YOUR TASK.
Type out the data exactly as given. Skip any image.

DATASET.
┄┄┄┄┄┄┄┄┄┄

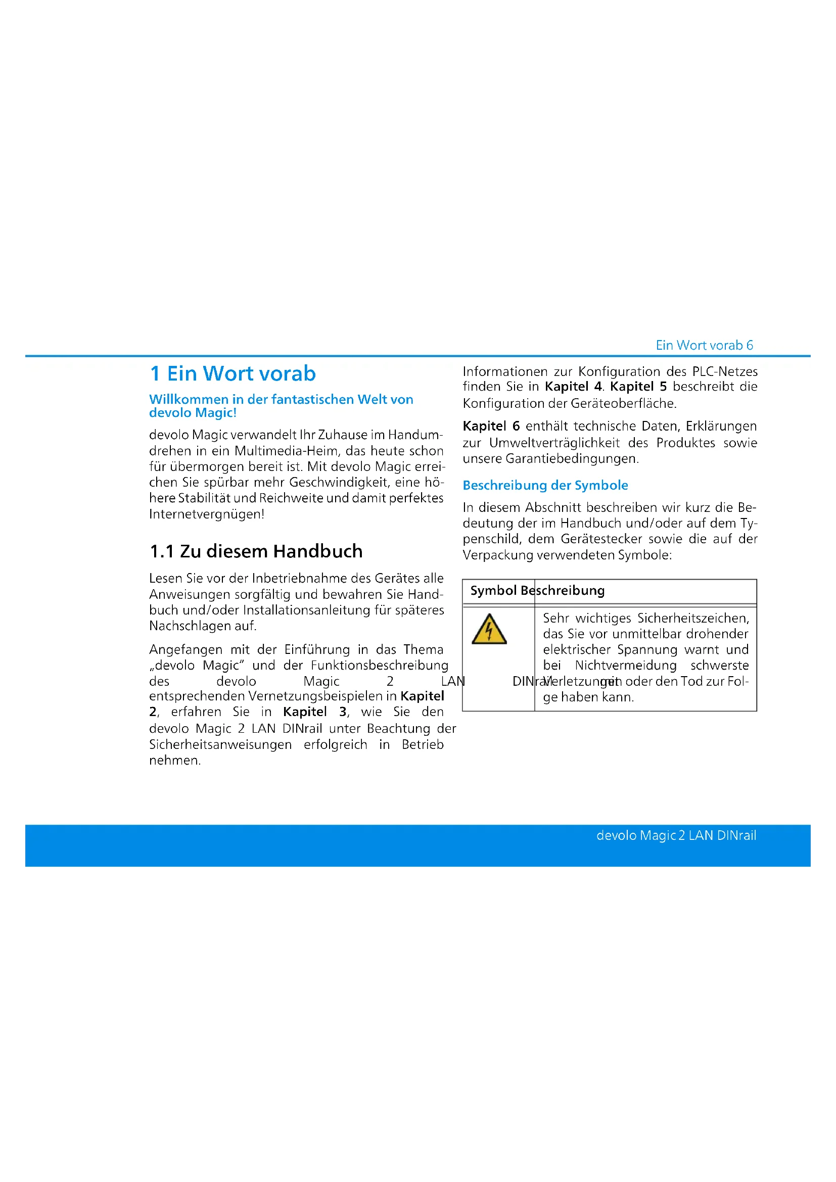 Lesen Sie vor der Inbetriebnahme des Gerätes alle Anweisungen sorgfältig und bewahren Sie Hand- buch und/oder Installationsanleitung für späteres Nachschlagen auf. Angefangen mit der Einführung in das Thema „devolo Magic“ und der Funktionsbeschreibung des devolo Magic 2 LAN DINrail mit entsprechenden Vernetzungsbeispielen in Kapitel 2, erfahren Sie in Kapitel 3, wie Sie den devolo Magic 2 LAN DINrail unter Beachtung der Sicherheitsanweisungen erfolgreich in Betrieb nehmen. Informationen zur Konfiguration des PLC-Netzes finden Sie in Kapitel 4. Kapitel 5 beschreibt die Konfiguration der Geräteoberfläche. Kapitel 6 enthält technische Daten, Erklärungen zur Umweltverträglichkeit des Produktes sowie unsere Garantiebedingungen. Beschreibung der Symbole In diesem Abschnitt beschreiben wir kurz die Be- deutung der im Handbuch und/oder auf dem Ty- penschild, dem Gerätestecker sowie die auf der Verpackung verwendeten Symbole: Symbol Beschreibung Sehr wichtiges Sicherheitszeichen, das Sie vor unmittelbar drohender elektrischer Spannung warnt und bei Nichtvermeidung schwerste Verletzungen oder den Tod zur Fol- ge haben kann.7 Ein Wort vorab devolo Magic 2 LAN DINrail Sehr wichtiges Sicherheitszeichen, das Sie vor einer unmittelbar dro- henden Gefahr warnt und bei Nichtvermeidung schwerste Verlet- zungen oder den Tod zur Folge ha- ben kann. Wichtiges Sicherheitszeichen, das Sie vor einer möglicherweise ge- fährlichen Situation eines Hinder- nisses am Boden warnt und bei Nichtbeachtung Verletzungen zur Folge haben kann. Die Installation des Gerätes darf nur durch eine Elektrofachkraft mit entsprechender Qualifikation erfol- gen. Wichtiger Hinweis, dessen Beach- tung empfehlenswert ist und bei Nichtbeachtung möglicherweise zu Sachschäden führen kann. Das Gerät darf nur in trockenen und geschlossenen Räumen ver- wendet werden. Symbol Beschreibung Mit der CE-Kennzeichnung erklärt der Hersteller/Inverkehrbringer, dass das Produkt allen geltenden europäischen Vorschriften ent- spricht und es den vorgeschrieben- en Konformitätsbewertungsver- fahren unterzogen wurde. Dient der Vermeidung von Abfällen von Elektro- und Elektronikgeräten und der Reduzierung solcher Abfäl- le durch Wiederverwendung, Recy- cling und andere Formen der Verwertung. Die WEEE-Richtlinie legt Mindestnormen für die Be- handlung von Elektro- und Elektro- nik-Altgeräten in der EU, EFTA und UK fest. Zusätzliche Informationen und Tipps zu Hintergründen und zur Konfiguration Ihres Gerätes. Kennzeichnet den abgeschlossen- en Handlungsverlauf Symbol BeschreibungEin Wort vorab 8 devolo Magic 2 LANDINrail
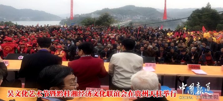 中國報(bào)道訊(記者吳蜀豐特約撰稿 吳建東)2017年11月11日,細(xì)雨綿綿,有吳敏付會(huì)長代表無錫吳氏祖地宗親會(huì),參加2017年貴州天柱吳文化藝術(shù)節(jié)暨今黔桂湘三省邊經(jīng)濟(jì)文化聯(lián)誼會(huì)。這次盛會(huì)有兩千多吳氏宗親參加。無錫吳氏祖地宗親會(huì)吳敏副會(huì)長受到當(dāng)?shù)刈谟H會(huì)熱情歡迎。當(dāng)?shù)睾枚嘧谟H還不知道無錫是泰伯吳氏祖地。
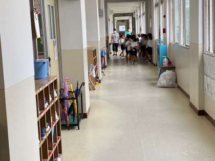 1年生が、静かにそっと並んで会議室へ行くところです。
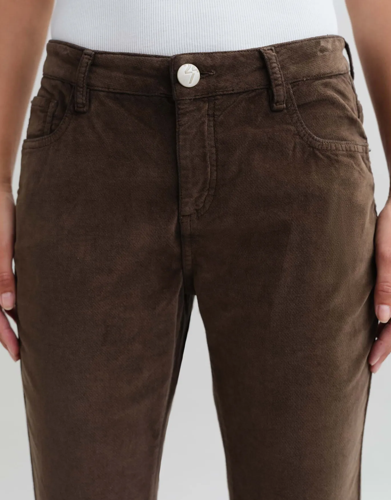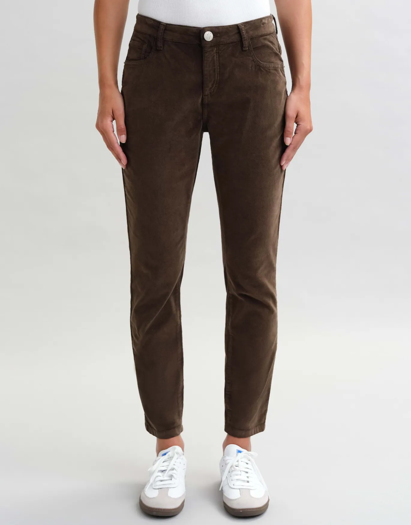 Die schmale Hose kommt durch die samtige Oberfläche mit einem extra weichem Tragekomfort daher und kreiert einen legeren Herbstlook.
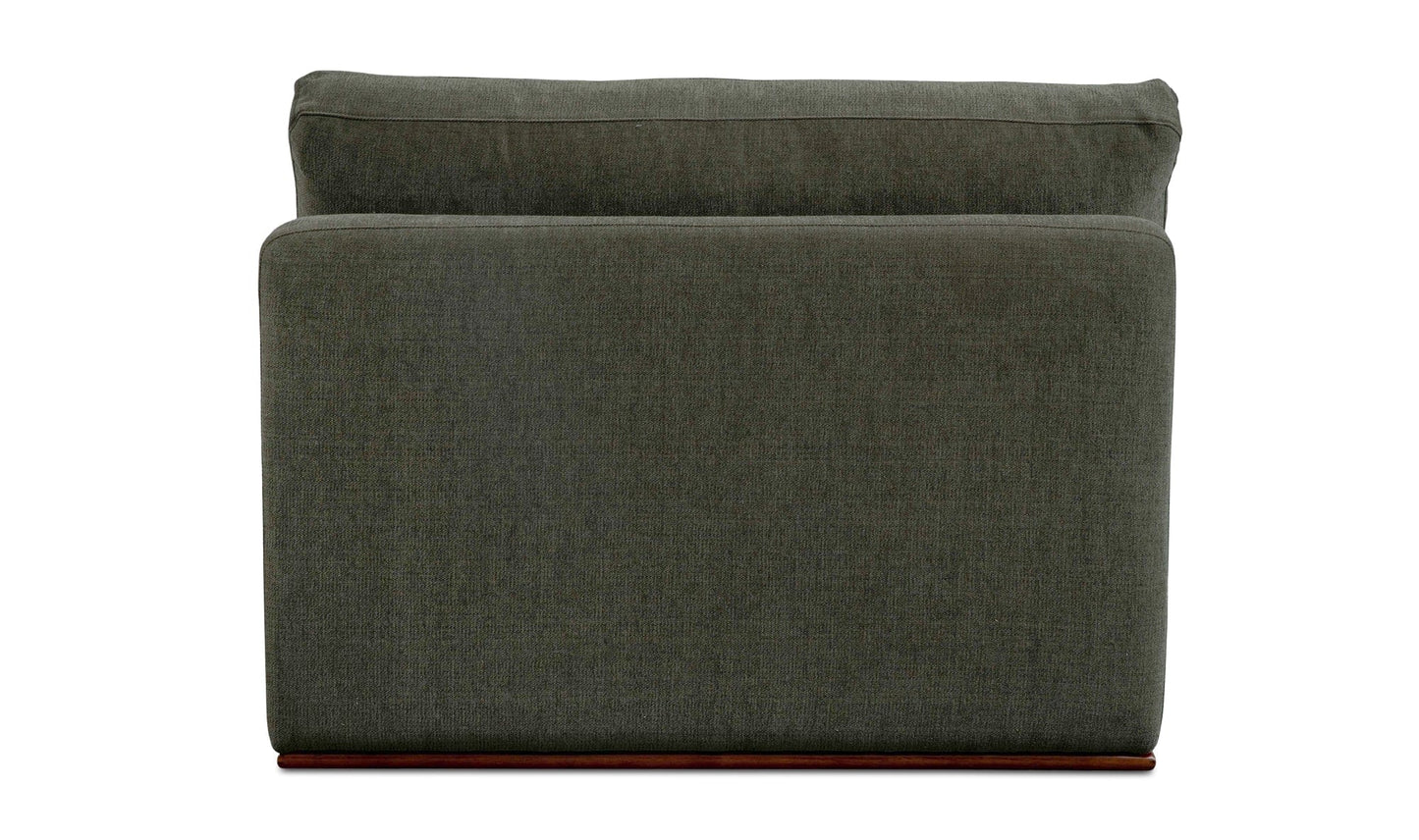 The Rue chair features a generous 70% feather-fill topper within its seat, accompanied by two toss cushions for an added layer of coziness. Its elegant silhouette is highlighted by a rubber wood base, creating a sleek floating appearance, all supported by subtle wooden legs. Designed with extreme comfort in mind, this modular chair embodies easy, neutral styling.

┄┄┄┄┄┄┄┄┄┄

OUTPUT BELOW.
 Lesen Sie vor der Inbetriebnahme des Gerätes alle Anweisungen sorgfältig und bewahren Sie Hand- buch und/oder Installationsanleitung für späteres Nachschlagen auf. Angefangen mit der Einführung in das Thema „devolo Magic“ und der Funktionsbeschreibung des devolo Magic 2 LAN DINrail mit entsprechenden Vernetzungsbeispielen in Kapitel 2, erfahren Sie in Kapitel 3, wie Sie den devolo Magic 2 LAN DINrail unter Beachtung der Sicherheitsanweisungen erfolgreich in Betrieb nehmen. Informationen zur Konfiguration des PLC-Netzes finden Sie in Kapitel 4. Kapitel 5 beschreibt die Konfiguration der Geräteoberfläche. Kapitel 6 enthält technische Daten, Erklärungen zur Umweltverträglichkeit des Produktes sowie unsere Garantiebedingungen. Beschreibung der Symbole In diesem Abschnitt beschreiben wir kurz die Be- deutung der im Handbuch und/oder auf dem Ty- penschild, dem Gerätestecker sowie die auf der Verpackung verwendeten Symbole: Symbol Beschreibung Sehr wichtiges Sicherheitszeichen, das Sie vor unmittelbar drohender elektrischer Spannung warnt und bei Nichtvermeidung schwerste Verletzungen oder den Tod zur Fol- ge haben kann.7 Ein Wort vorab devolo Magic 2 LAN DINrail Sehr wichtiges Sicherheitszeichen, das Sie vor einer unmittelbar dro- henden Gefahr warnt und bei Nichtvermeidung schwerste Verlet- zungen oder den Tod zur Folge ha- ben kann. Wichtiges Sicherheitszeichen, das Sie vor einer möglicherweise ge- fährlichen Situation eines Hinder- nisses am Boden warnt und bei Nichtbeachtung Verletzungen zur Folge haben kann. Die Installation des Gerätes darf nur durch eine Elektrofachkraft mit entsprechender Qualifikation erfol- gen. Wichtiger Hinweis, dessen Beach- tung empfehlenswert ist und bei Nichtbeachtung möglicherweise zu Sachschäden führen kann. Das Gerät darf nur in trockenen und geschlossenen Räumen ver- wendet werden. Symbol Beschreibung Mit der CE-Kennzeichnung erklärt der Hersteller/Inverkehrbringer, dass das Produkt allen geltenden europäischen Vorschriften ent- spricht und es den vorgeschrieben- en Konformitätsbewertungsver- fahren unterzogen wurde. Dient der Vermeidung von Abfällen von Elektro- und Elektronikgeräten und der Reduzierung solcher Abfäl- le durch Wiederverwendung, Recy- cling und andere Formen der Verwertung. Die WEEE-Richtlinie legt Mindestnormen für die Be- handlung von Elektro- und Elektro- nik-Altgeräten in der EU, EFTA und UK fest. Zusätzliche Informationen und Tipps zu Hintergründen und zur Konfiguration Ihres Gerätes. Kennzeichnet den abgeschlossen- en Handlungsverlauf Symbol BeschreibungEin Wort vorab 8 devolo Magic 2 LANDINrail
 中國報(bào)道訊(記者吳蜀豐特約撰稿 吳建東)2017年11月11日,細(xì)雨綿綿,有吳敏付會(huì)長代表無錫吳氏祖地宗親會(huì),參加2017年貴州天柱吳文化藝術(shù)節(jié)暨今黔桂湘三省邊經(jīng)濟(jì)文化聯(lián)誼會(huì)。這次盛會(huì)有兩千多吳氏宗親參加。無錫吳氏祖地宗親會(huì)吳敏副會(huì)長受到當(dāng)?shù)刈谟H會(huì)熱情歡迎。當(dāng)?shù)睾枚嘧谟H還不知道無錫是泰伯吳氏祖地。
 1年生が、静かにそっと並んで会議室へ行くところです。
 Die schmale Hose kommt durch die samtige Oberfläche mit einem extra weichem Tragekomfort daher und kreiert einen legeren Herbstlook.
 The Rue chair features a generous 70% feather-fill topper within its seat, accompanied by two toss cushions for an added layer of coziness. Its elegant silhouette is highlighted by a rubber wood base, creating a sleek floating appearance, all supported by subtle wooden legs. Designed with extreme comfort in mind, this modular chair embodies easy, neutral styling.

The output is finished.